The Belitung shipwreck was discovered off the coast of Indonesia, about 1.6 km off the coast of Belitung Island. The find was that of an Arabian dhow returning from China to Africa on a long journey that was lengthened by the choice of a secondary trade route that was not often chosen by most trading vessels during the period. The ship sank in 830 AD, and its cargo was discovered by fishermen in 1998. It was the first ancient Arabian ship to have been excavated and found to retain much of its structural integrity despite being buried beneath the sea for more than a millennia.
The discovery of the Belitung wreck was of great historical significance in the late 20th century, revealing much about the construction techniques of the Arabian culture of the time. The ship was built around a 50-foot long keel of about 15 cm in thickness – known to have survived intact. Several types of wood were successfully identified to reveal more about the construction of the boat and its relation to similar wrecks discovered in the Red Sea off the coast of Africa.
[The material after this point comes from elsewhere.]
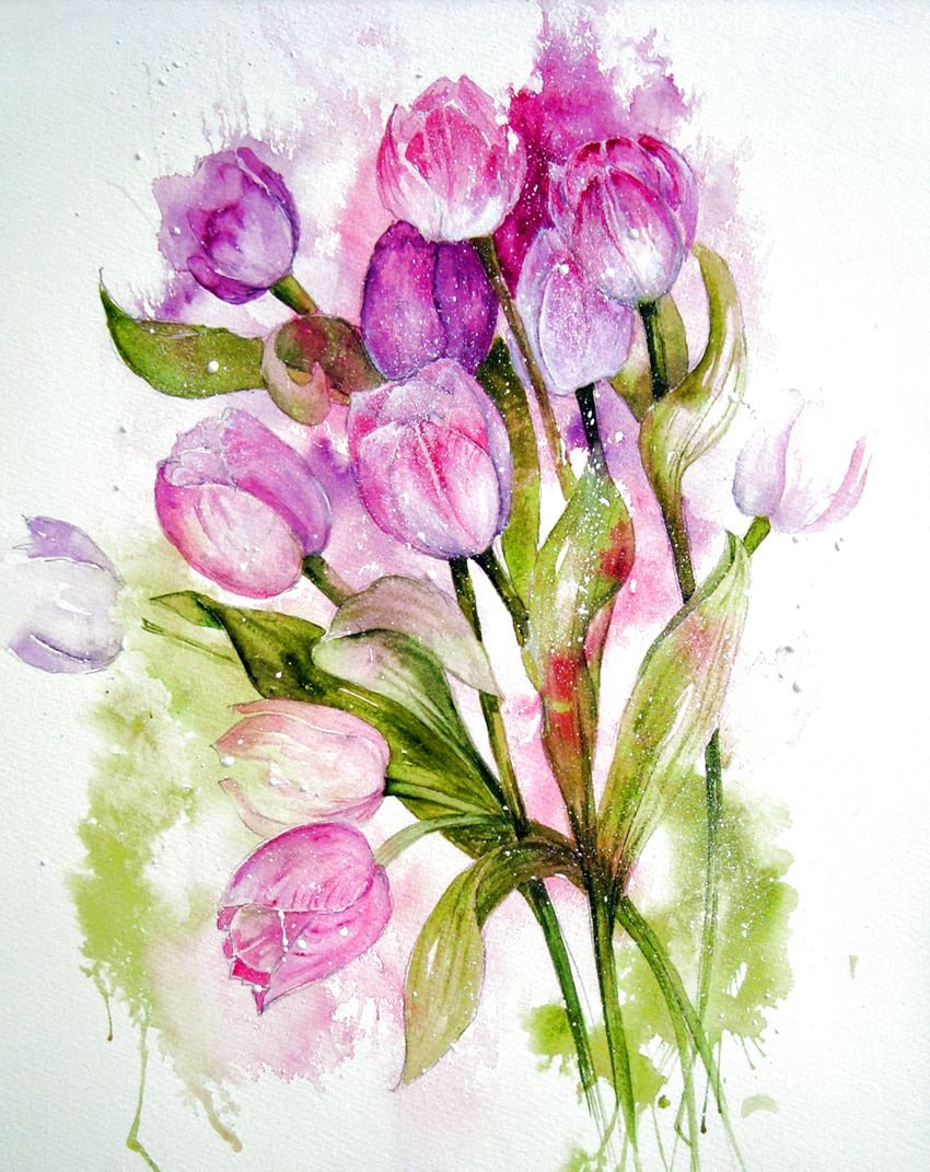 Тюльпаны акварелью

The hull of the shipwreck also revealed an important treasure that dated back to the Tang dynasty of China, and led to the ship being unofficially named the “Tang treasure ship.”
The Belitung shipwreck became primarily famous due to the important cargo it was carrying. The archaeological dig in commenced during the expeditions of 1998 and 1999 revealed the hull of the shipwreck still holding lumps of concretion filled with historically valuable artifacts carried from China. The treasure mainly consisted of finely crafted bronze mirrors, ewers and various ceramics, as well as lead ingots and various gold and silver items. An impressive number of about 60,000 artifacts were uncovered, many of which were displayed for the first time at the ArtScience Museum in Singapore, in 2011.
The wreck is of an extremely important historical significance, since it carries vital information about the trade between two major empires of the period, Abbasid Iraq and Tang China. The dhow reveals startling new discoveries about the maritime Silk Route to China, allowing Archaeologists to answer many questions about the Chinese trade routes of the time, but also uncovering new mysteries. It is still uncertain why the ship took a return route that was more regularly frequented by vessels traveling from the Java Sea. Also, the artwork on some of the artifacts showed a surprising variety of motifs from many different cultures. The Belitung shipwreck cargo has been cataloged in its entirety, but still poses many mysteries associated with the 9th century maritime trade routes from China.